Pour travailler sur ses projets de réformes, l’association s’entoure de quelques dizaines d’experts praticiens du droit, criminologues, psychiatres ou universitaires. Il faut compter parmi eux Olivier le Foll, un ex-grand flic, Jean Pradel, un éminent professeur de droit ou encore le Dr Louis Albrand, médecin réputé et ex-conseiller de l’ancien garde des Sceaux Albin Chalandon.

«Les personnalités qui soutiennent l’IPJ comme Jean Pradel ou le professeur Jean-Yves Chevallier sont des figures de droite», souligne Matthieu Bonduelle. Et d’ajouter: «L’IPJ défend des idées sécuritaires mais avance masqué en se déclarant apolitique. En fait, ce sont des gens plus à droite que Brice Hortefeux, proche de la droite américaine.» Selon Xavier Bébin, l’Institut pour la justice n’affiche aucune couleur politique : «La droite ou la gauche, ça ne nous intéresse pas du moment que nos idées avancent.» Avant de concéder:

«Effectivement, on a plus d’écoute dans la majorité.»

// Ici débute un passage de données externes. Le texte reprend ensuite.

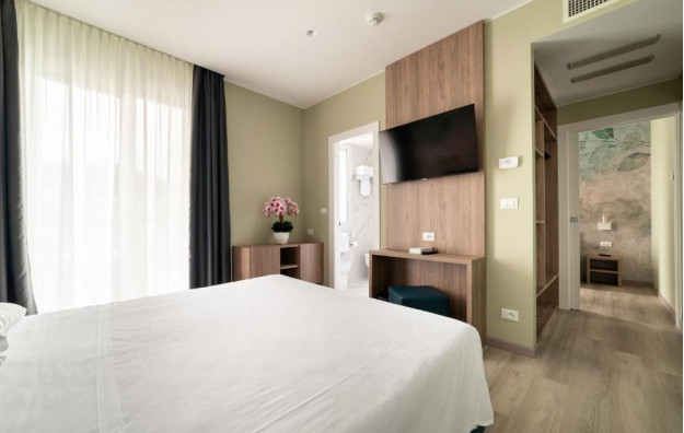 Deluxe 3 -za tri osobe, 14 m2 -renovirana u potpuniosti sa balkonom i klima uređajem,WI Fi,sef, frižider,Tv,kupatilo sa tuš kabinom i fenom, mini -bar . Sadržaj:francuski ležaj i singl sofa-bed ili dva singl ležaja i singl sofa-bed
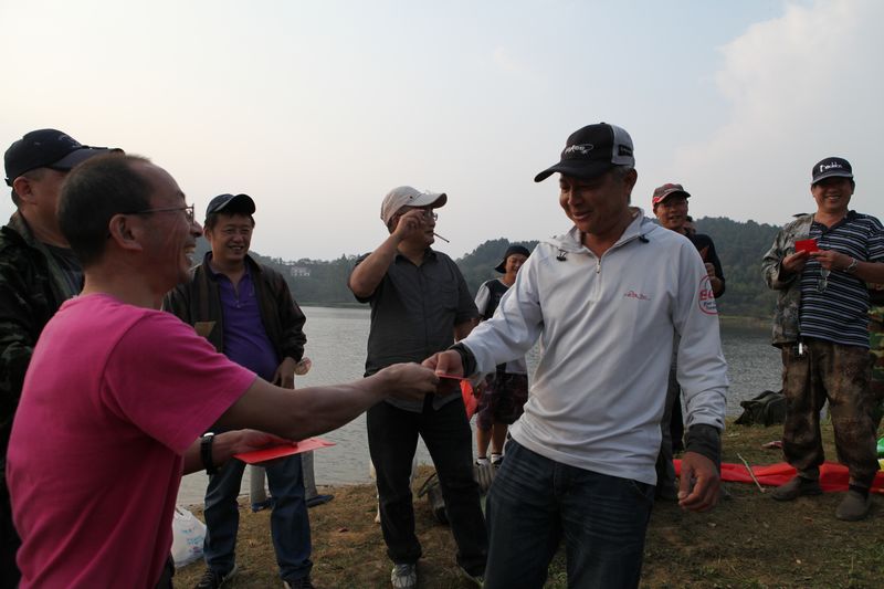 比赛于下午四点结束,收杆称重,评出得奖名次。工会李主席逐一发奖,欢声笑语弥散山间。在夕阳下大家合影留念,乘船返归,本次比赛圆满结束。
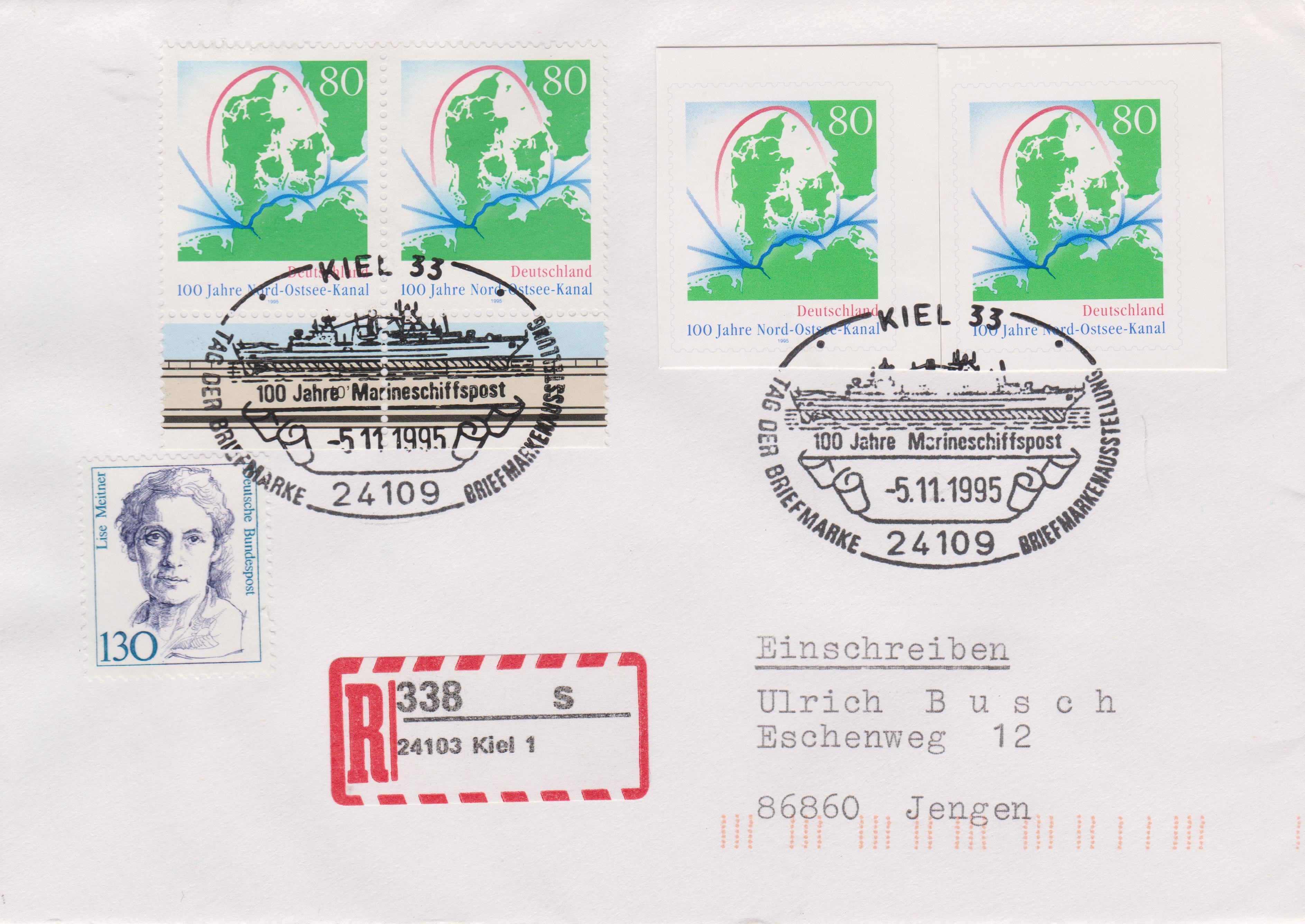 Zwei GAA "100 Jahre Nord-Ostsee-Kanal" aus der Sonderpostkarte PSo 38 als Mischfrankatur mit einem Paar der bildgleichen MiNr. 1802 vom unteren Bogenrand sowie 130 Pf der Dauerserie Frauen am 05.11.1995 auf Einschreiben von 24103 Kiel nach 86860 Jengen, echt gelaufen mit Codierung:
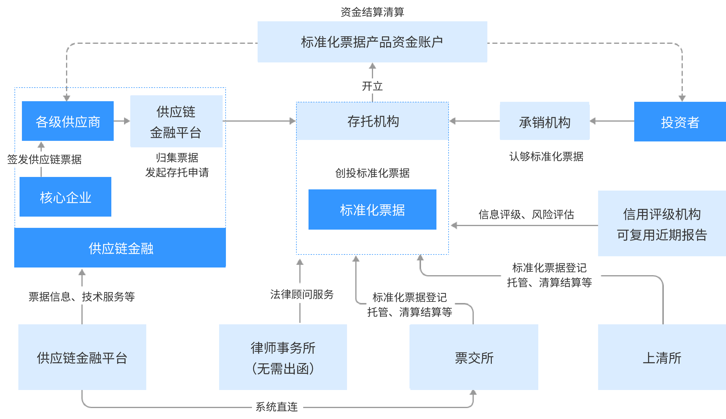 供应链票据平台是依托于票交所建设运营的票据系统,为企业提供供应链票据的签发、承兑、背书、融资、到期处理、信息服务全周期、一站式管理服务。供应链票据解决了传统票据无法实现拆分流转的难题,实现了核心企业信用的多级传导,能有效降低企业融资成本 供应链票据:是指企业通过供应链平台在供应链票据平台签发的可流转的电子商业汇票。
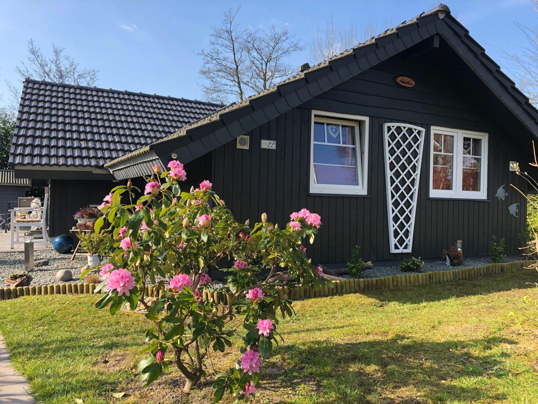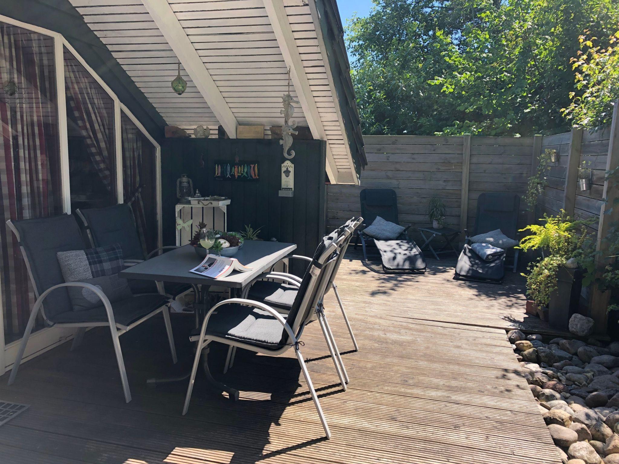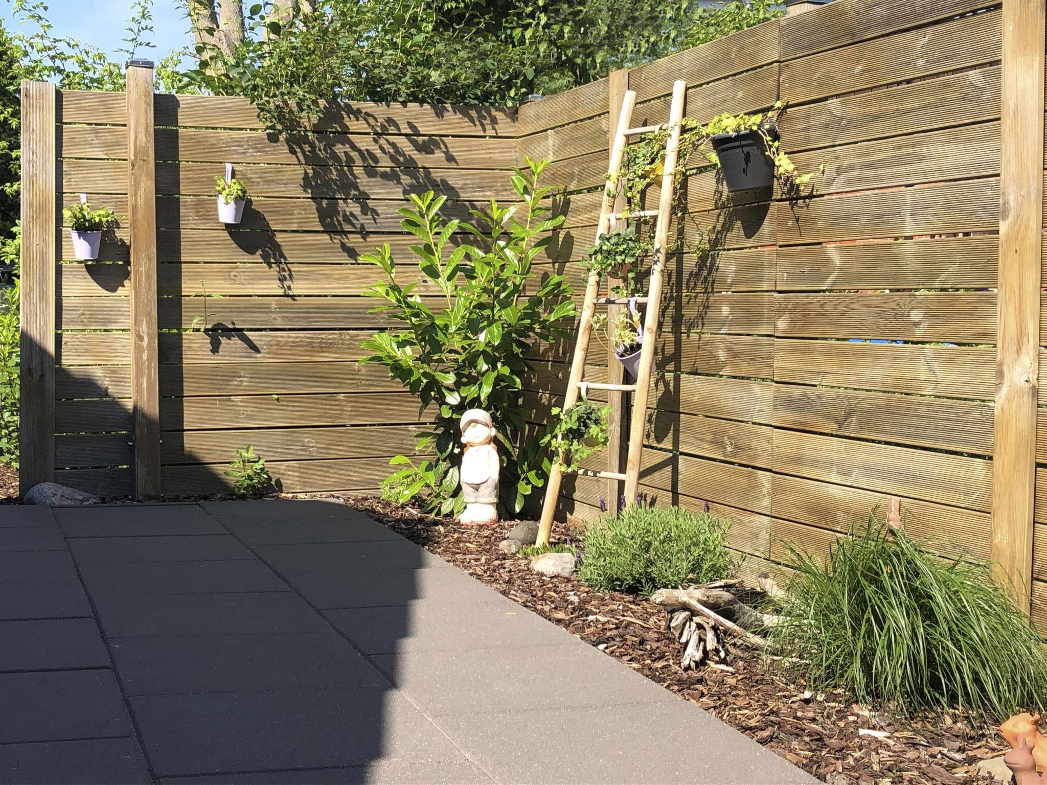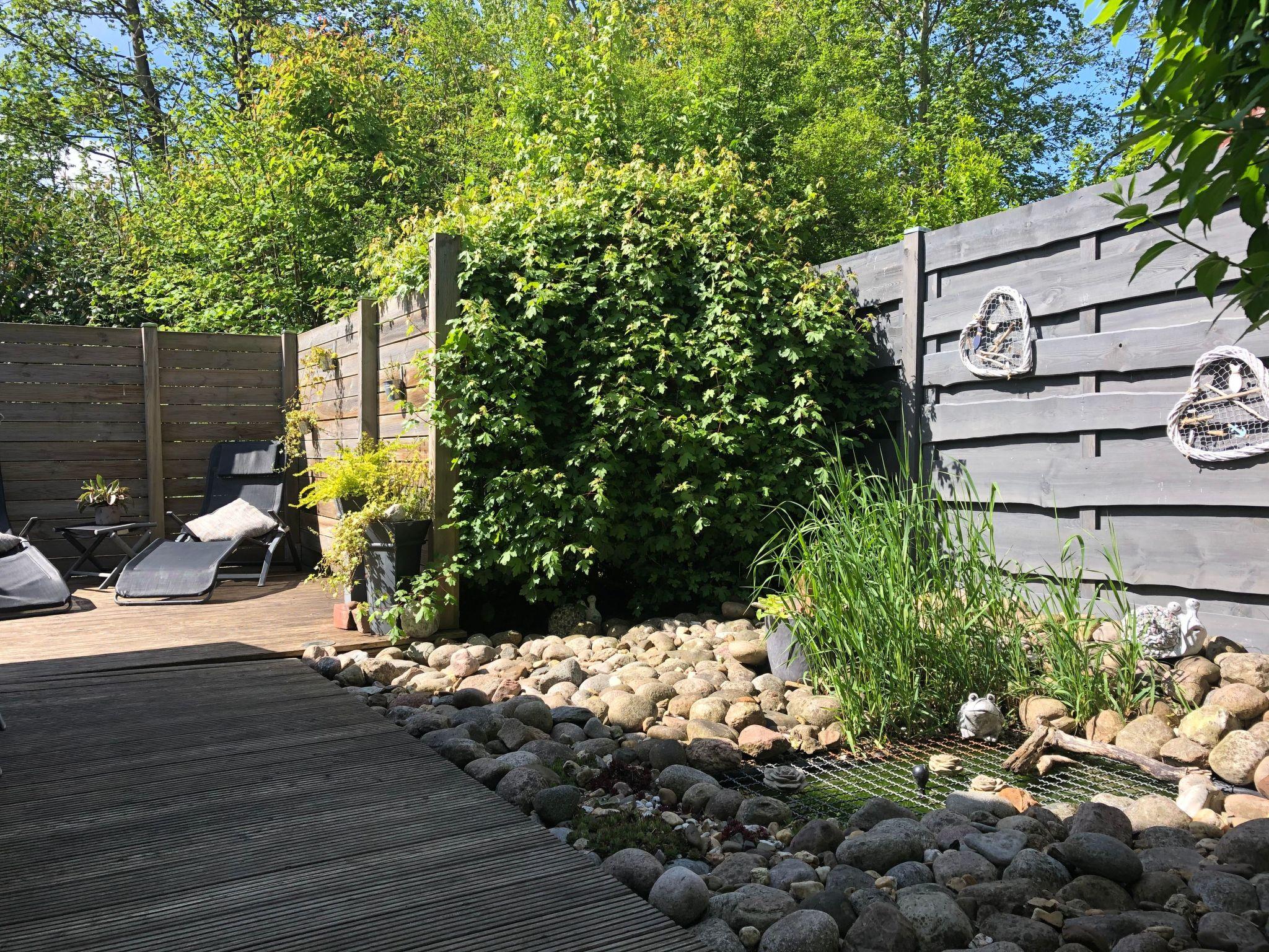The holiday home is located on a green, overgrown plot of approx. 500 m² with a partially fenced garden and two sun terraces.

Les travaux de l’Institut pour la Justice correspondent souvent à une idéologie sécuritaire, même si Xavier Bébin juge le terme «péjoratif». En témoignent par exemple quelques enquêtes comme celle sur le coût de la délinquance, chiffré par l’IPJ à 115 milliards, en mai 2010 . Ou encore ce sondage réalisé, à la même période, par CSA pour l’Institut pour la justice établissant que 70% des Français jugent la justice trop indulgente face aux récidivistes. S’en est suivi une pétition qui aurait recueilli 300.000 signatures, prévoyant des mesures de durcissement des peines.

Ce dernier chapitre représente d’ailleurs un terrain de prédilection pour l’association qui prend souvent position lors de crime commis par des récidivistes. Ainsi, l'IPJ a envoyé un courrier, le 17 mai 2011, à Nicolas Sarkozy, à la suite du meurtre, particulièrement atroce, de Laetitia Perrais à Pornic (Loire-Atlantique). Avant d’être reçu, quelques jours plus tard, par Michel Mercier, le garde des Sceaux, afin de présenter des propositions en matière de lutte contre la récidive.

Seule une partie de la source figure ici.